Но «из горлá», судя по всему, хоть превратилось в устойчивое выражение, используемое только ситуативно – когда действительно приходится пить из горлышка бутылки. А «искрá»?
Во времена моей молодости так говорили только шофёры и автослесари. Известное: «Искрá в землю ушла». Интеллигенты – только тогда, когда пересказывали, как ремонтировали их «Жигули» в автосервисе, или в разговоре с этими самыми шофёрами (но не шоферáми) и автослесарями (но не автослесарЯми).
А теперь так говорят все! Великовозрастные интеллигенты и студенты гуманитарных факультетов университетов.

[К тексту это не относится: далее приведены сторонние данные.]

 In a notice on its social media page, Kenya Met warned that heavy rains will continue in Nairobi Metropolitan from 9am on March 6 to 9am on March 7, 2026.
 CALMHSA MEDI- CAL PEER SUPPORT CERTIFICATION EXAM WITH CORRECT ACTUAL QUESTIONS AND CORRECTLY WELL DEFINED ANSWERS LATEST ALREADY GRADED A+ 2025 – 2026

Когда я слышу «искрá», вылетающее из якобы интеллигентных гуманитарных уст, я всякий раз думаю: а как они теперь читают (если читают) знаменитое: «Из искры возгорится пламя»? Бог весть…
Да, ещё в первой книге я обещал посвятить отдельную главу речи того времени, но не выполнил обещания. Я помню что я начинал с нуля, ну почти с нуля, я начинал с настолько смешной и маленькой суммы что кто-то подумает что это просто ноль, а теперь у меня что? Теперь у меня есть свой бизнес, теперь у меня крутая тачка и всё это я заработал благодаря сайту бетвиннер.vip многие мне не верили сначала но я показал им переводы на карту с онлайн букмекерской конторы бетвиннер и тогда они сами начали делать ставки тут, на ставках очень легко поднятся и я советую людям которые хотят быстрых денег именно тут делать свои ставки - обещаю вам понравится Сейчас настала пора это сделать. Более того, этого нельзя не сделать, так как без особенностей языка того или иного времени нет ни духа, ни вкуса этого времени. Пожалуй, и сути времени без его языка не поймёшь.

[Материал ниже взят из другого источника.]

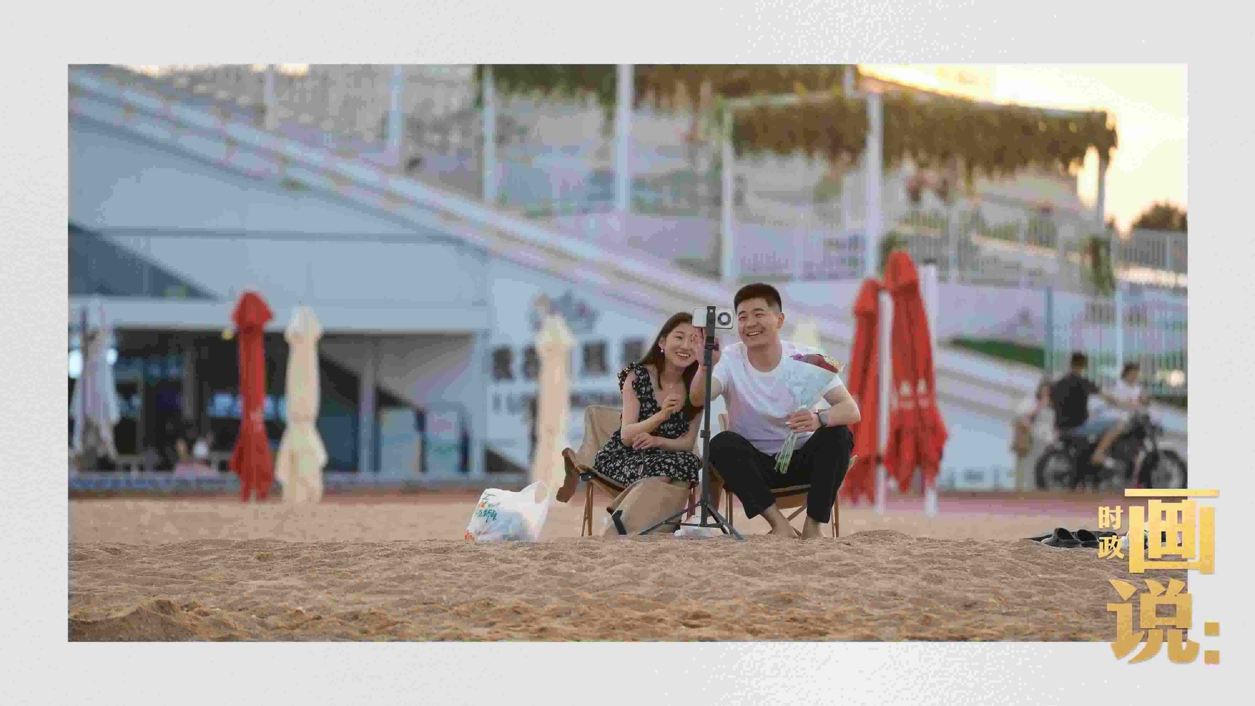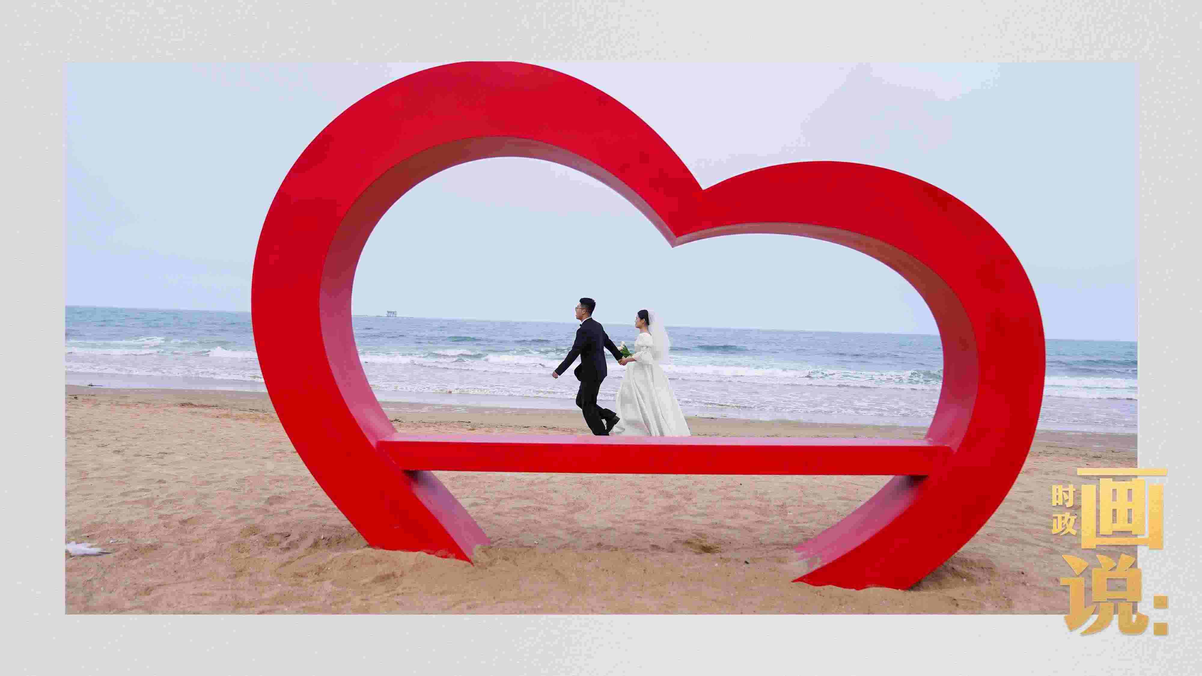 △日照陽光海岸綠道上的萬平口景區(qū),一對游客在海浪中翩然起舞。

Разумеется, мои воспоминания в этом смысле очень поверхностны – я фиксирую, во-первых, речь той среды, в которой я жил и учился. Во-вторых, настолько, насколько я всё это помню и способен отделить прошлое от настоящего, а более отдалённое прошлое от менее отдалённого. И тем не менее – без языка никак нельзя…

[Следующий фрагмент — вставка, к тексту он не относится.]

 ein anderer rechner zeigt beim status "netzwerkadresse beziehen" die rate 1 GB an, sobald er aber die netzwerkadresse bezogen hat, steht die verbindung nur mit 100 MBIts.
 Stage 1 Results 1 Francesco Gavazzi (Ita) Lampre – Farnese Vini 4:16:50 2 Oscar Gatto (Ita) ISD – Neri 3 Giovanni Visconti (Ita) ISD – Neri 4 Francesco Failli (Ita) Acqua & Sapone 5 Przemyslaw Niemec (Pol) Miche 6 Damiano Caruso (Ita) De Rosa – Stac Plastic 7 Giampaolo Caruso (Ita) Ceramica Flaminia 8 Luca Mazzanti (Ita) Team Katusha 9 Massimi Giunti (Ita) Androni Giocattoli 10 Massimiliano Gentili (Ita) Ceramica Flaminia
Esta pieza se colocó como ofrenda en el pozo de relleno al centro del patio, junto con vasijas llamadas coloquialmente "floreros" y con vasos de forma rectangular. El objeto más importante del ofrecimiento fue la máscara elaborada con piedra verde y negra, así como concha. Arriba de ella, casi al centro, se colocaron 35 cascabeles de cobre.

Сначала несколько общих наблюдений, основывающихся на воспоминаниях.
С определённого возраста все, конечно, знали мат. Но при этом строжайше и в первую очередь не из-за страха наказания соблюдались следующие нормы. Взрослые, как правило, не ругались матом при детях. Тем более это относилось к родителям их собственных детей.